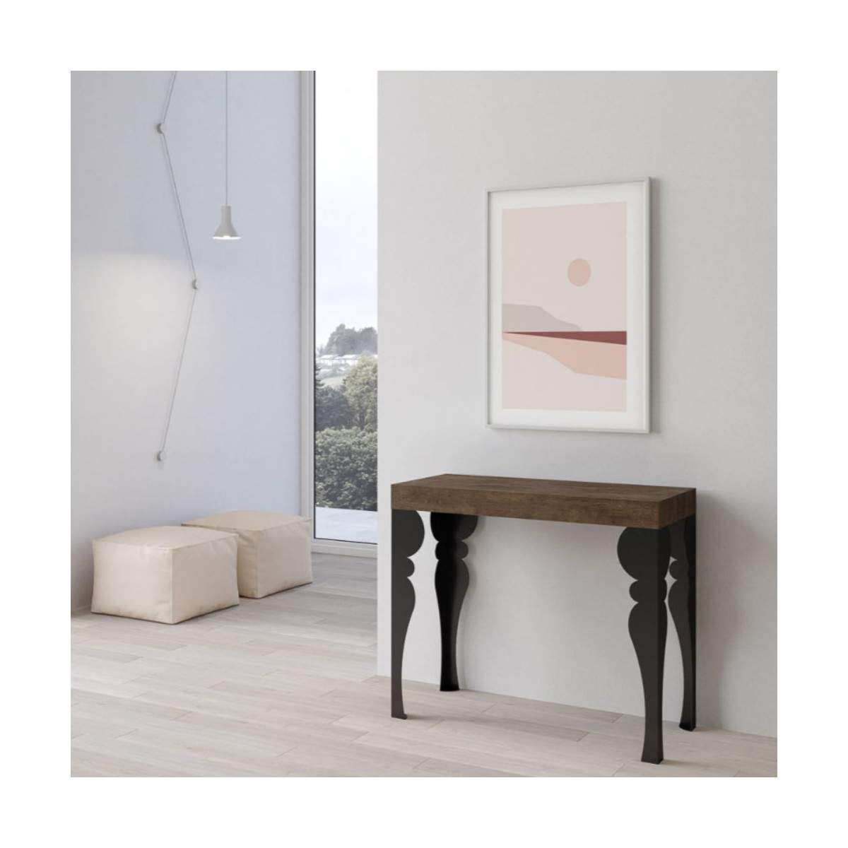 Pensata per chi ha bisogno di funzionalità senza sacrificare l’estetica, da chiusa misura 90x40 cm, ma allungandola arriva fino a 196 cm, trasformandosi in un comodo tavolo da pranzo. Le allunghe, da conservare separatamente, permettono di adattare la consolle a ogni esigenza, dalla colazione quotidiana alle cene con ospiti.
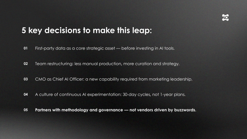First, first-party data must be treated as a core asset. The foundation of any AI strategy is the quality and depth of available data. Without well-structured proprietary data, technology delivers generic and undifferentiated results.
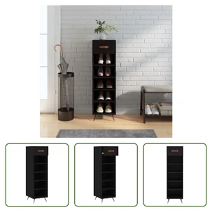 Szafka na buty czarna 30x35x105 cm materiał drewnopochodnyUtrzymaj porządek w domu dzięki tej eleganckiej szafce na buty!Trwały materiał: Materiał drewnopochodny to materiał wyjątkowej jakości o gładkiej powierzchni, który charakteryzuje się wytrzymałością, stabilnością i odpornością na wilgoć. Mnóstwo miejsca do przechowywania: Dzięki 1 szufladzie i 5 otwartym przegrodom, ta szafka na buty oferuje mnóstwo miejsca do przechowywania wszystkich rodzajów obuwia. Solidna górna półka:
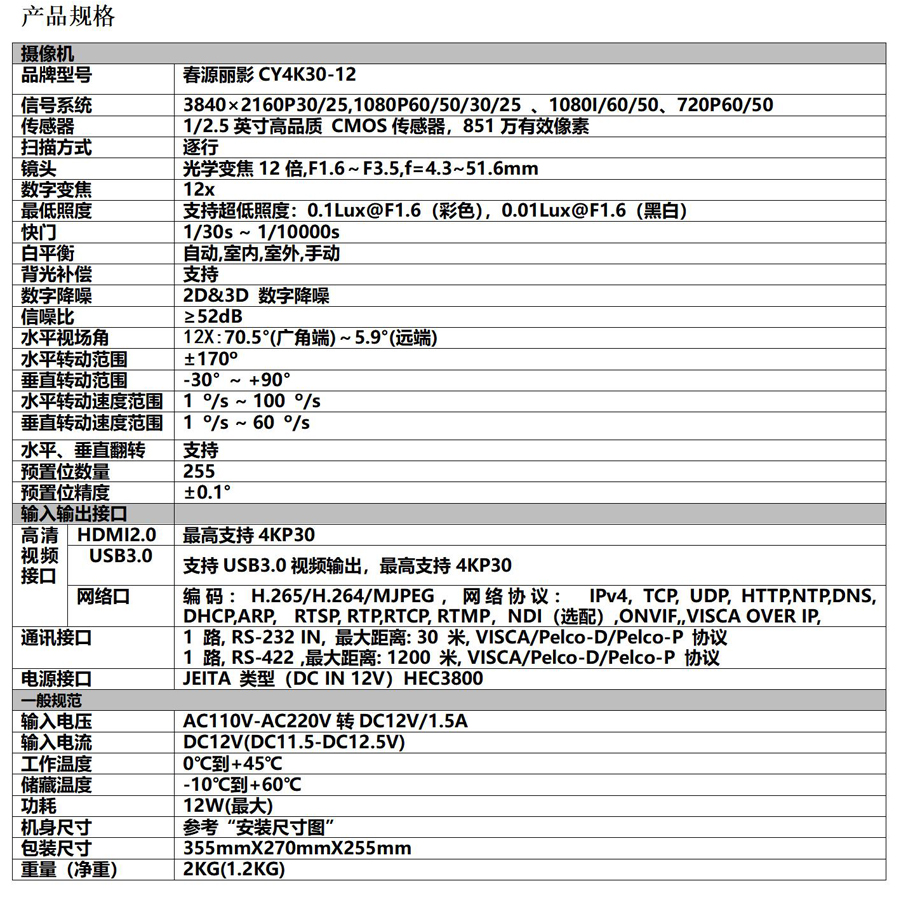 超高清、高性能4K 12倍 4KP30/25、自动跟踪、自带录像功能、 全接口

┄┄┄┄┄┄┄┄┄┄

# YOUR ASSIGNMENT
Copy exactly the lines running from the line with "Szafka na buty czarna" to the final line of the listing, keeping both ends and dropping any picture.

# EXERCISE RESPONSE
 Szafka na buty czarna 30x35x105 cm materiał drewnopochodnyUtrzymaj porządek w domu dzięki tej eleganckiej szafce na buty!Trwały materiał: Materiał drewnopochodny to materiał wyjątkowej jakości o gładkiej powierzchni, który charakteryzuje się wytrzymałością, stabilnością i odpornością na wilgoć. Mnóstwo miejsca do przechowywania: Dzięki 1 szufladzie i 5 otwartym przegrodom, ta szafka na buty oferuje mnóstwo miejsca do przechowywania wszystkich rodzajów obuwia. Solidna górna półka:
 超高清、高性能4K 12倍 4KP30/25、自动跟踪、自带录像功能、 全接口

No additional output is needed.